WHAT YOU ARE ASKED TO DO -
Return the material below exactly, but only from the line with "Низкотемпературный компрессор СКо140" through the line with "The central living", and without its pictures.

AVAILABLE DATA -
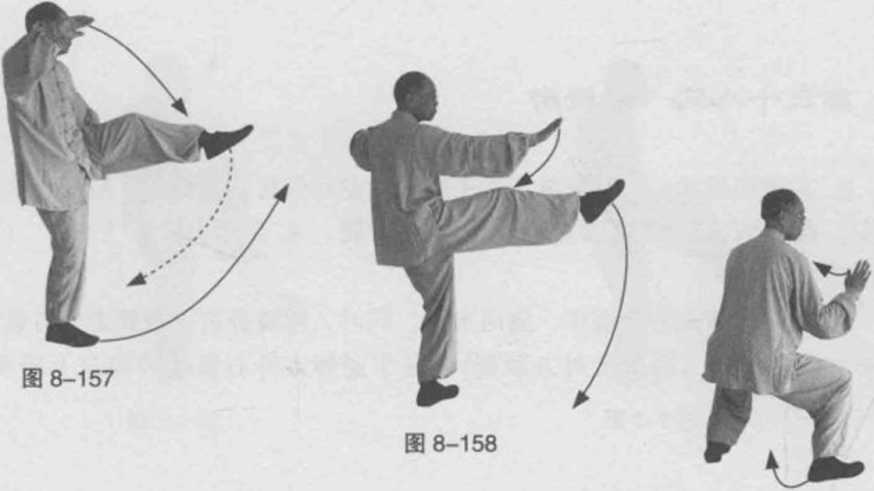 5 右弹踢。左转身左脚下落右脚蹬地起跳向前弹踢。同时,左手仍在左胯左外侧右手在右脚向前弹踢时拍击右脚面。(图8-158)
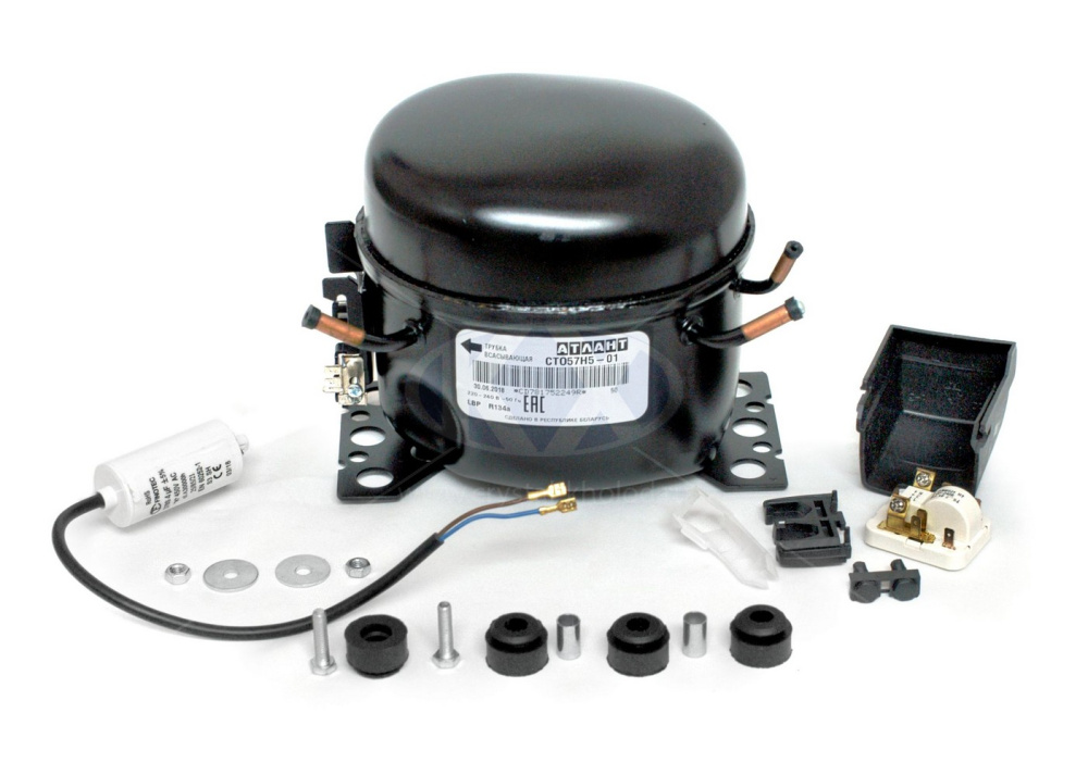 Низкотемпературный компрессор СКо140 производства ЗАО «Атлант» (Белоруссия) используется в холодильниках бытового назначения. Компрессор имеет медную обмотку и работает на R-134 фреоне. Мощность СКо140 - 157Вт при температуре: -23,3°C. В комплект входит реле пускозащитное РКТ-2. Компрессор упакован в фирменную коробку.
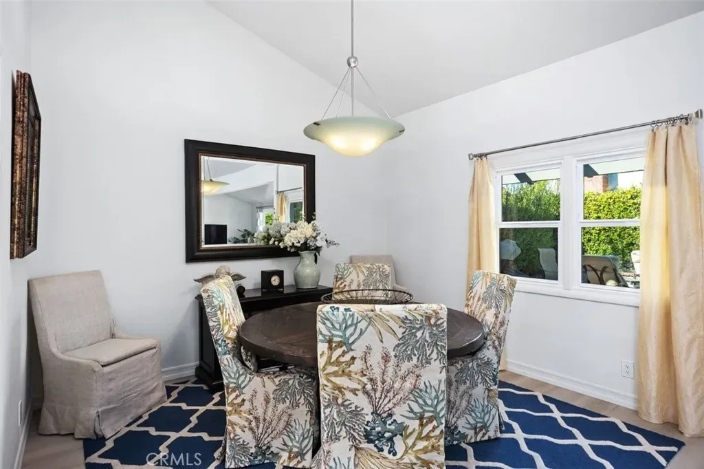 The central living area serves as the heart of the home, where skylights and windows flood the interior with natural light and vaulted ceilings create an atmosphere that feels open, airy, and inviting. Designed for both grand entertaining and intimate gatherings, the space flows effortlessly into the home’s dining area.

--

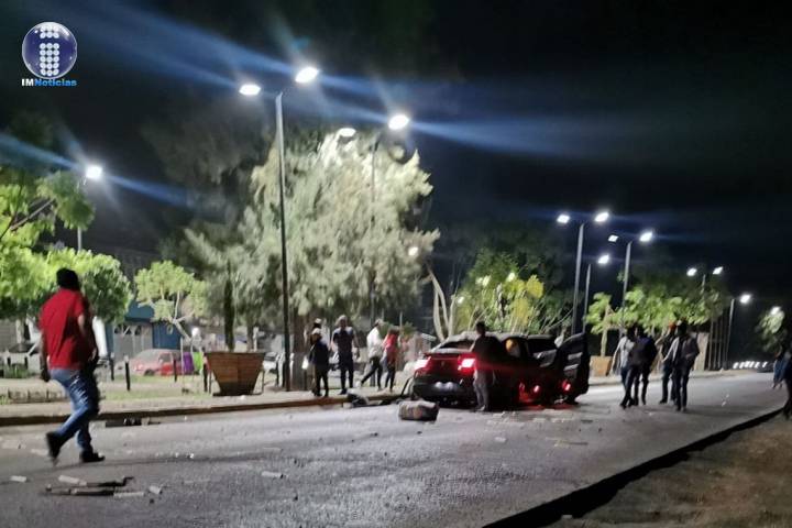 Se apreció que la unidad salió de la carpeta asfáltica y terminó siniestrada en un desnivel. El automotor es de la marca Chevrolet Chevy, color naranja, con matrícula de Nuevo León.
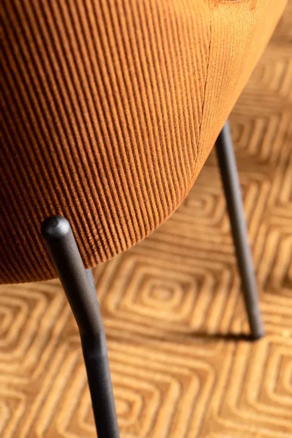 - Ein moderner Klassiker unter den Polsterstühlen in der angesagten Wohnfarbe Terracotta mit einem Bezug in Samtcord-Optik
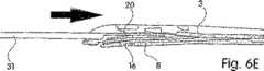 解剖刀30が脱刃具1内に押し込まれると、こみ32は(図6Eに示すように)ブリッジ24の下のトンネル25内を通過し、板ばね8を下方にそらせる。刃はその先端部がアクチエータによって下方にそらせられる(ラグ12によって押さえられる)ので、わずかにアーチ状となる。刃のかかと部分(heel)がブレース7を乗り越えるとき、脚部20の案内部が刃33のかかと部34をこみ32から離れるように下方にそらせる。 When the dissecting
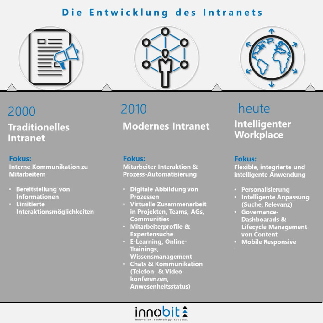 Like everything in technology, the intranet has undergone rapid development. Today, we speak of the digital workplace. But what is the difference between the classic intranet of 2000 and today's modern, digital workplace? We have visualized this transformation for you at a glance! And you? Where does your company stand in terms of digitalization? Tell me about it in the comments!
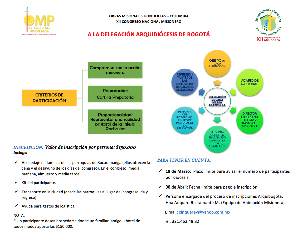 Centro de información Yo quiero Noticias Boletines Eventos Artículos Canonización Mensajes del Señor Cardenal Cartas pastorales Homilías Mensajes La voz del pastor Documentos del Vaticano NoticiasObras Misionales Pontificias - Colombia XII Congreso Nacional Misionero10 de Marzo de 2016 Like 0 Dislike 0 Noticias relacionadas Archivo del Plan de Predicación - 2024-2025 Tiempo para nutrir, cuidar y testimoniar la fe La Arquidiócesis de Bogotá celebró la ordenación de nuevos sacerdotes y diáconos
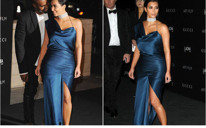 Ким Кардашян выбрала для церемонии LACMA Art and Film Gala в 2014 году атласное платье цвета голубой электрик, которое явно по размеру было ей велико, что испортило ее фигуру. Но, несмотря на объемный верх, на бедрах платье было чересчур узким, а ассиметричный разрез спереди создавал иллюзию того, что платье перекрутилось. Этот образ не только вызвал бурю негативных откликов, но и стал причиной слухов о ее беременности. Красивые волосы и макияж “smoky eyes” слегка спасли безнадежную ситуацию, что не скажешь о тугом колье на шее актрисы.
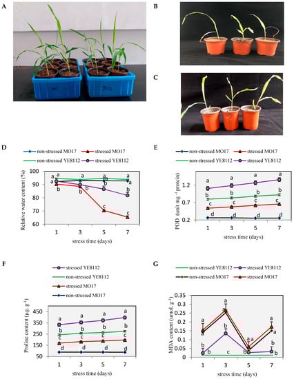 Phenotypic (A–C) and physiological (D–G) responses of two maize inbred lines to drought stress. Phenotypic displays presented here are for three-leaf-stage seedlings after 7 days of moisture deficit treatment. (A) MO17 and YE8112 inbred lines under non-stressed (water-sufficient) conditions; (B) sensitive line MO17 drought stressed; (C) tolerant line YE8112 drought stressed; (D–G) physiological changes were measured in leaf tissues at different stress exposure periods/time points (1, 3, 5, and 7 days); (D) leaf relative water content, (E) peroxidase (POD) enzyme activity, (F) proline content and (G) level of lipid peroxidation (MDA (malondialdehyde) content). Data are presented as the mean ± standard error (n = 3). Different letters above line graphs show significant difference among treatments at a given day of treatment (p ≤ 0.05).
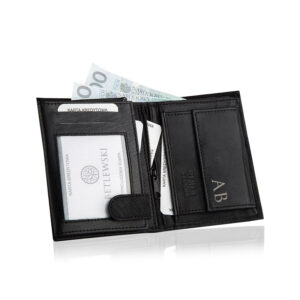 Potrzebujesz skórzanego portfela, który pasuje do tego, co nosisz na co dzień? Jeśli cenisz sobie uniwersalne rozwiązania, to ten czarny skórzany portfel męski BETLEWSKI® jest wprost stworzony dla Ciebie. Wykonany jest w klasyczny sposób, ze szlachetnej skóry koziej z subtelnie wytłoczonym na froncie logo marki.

==

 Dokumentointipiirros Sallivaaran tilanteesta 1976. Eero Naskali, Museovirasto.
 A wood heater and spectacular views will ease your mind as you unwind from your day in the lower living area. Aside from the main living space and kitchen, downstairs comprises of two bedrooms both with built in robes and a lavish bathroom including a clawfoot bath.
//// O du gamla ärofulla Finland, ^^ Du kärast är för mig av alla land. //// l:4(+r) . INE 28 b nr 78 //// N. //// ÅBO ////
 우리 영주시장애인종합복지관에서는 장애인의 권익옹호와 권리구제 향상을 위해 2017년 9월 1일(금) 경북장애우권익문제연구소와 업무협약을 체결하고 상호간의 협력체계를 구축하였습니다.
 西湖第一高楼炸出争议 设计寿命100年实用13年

ANSWER SECTION -
 Низкотемпературный компрессор СКо140 производства ЗАО «Атлант» (Белоруссия) используется в холодильниках бытового назначения. Компрессор имеет медную обмотку и работает на R-134 фреоне. Мощность СКо140 - 157Вт при температуре: -23,3°C. В комплект входит реле пускозащитное РКТ-2. Компрессор упакован в фирменную коробку.
 The central living area serves as the heart of the home, where skylights and windows flood the interior with natural light and vaulted ceilings create an atmosphere that feels open, airy, and inviting. Designed for both grand entertaining and intimate gatherings, the space flows effortlessly into the home’s dining area.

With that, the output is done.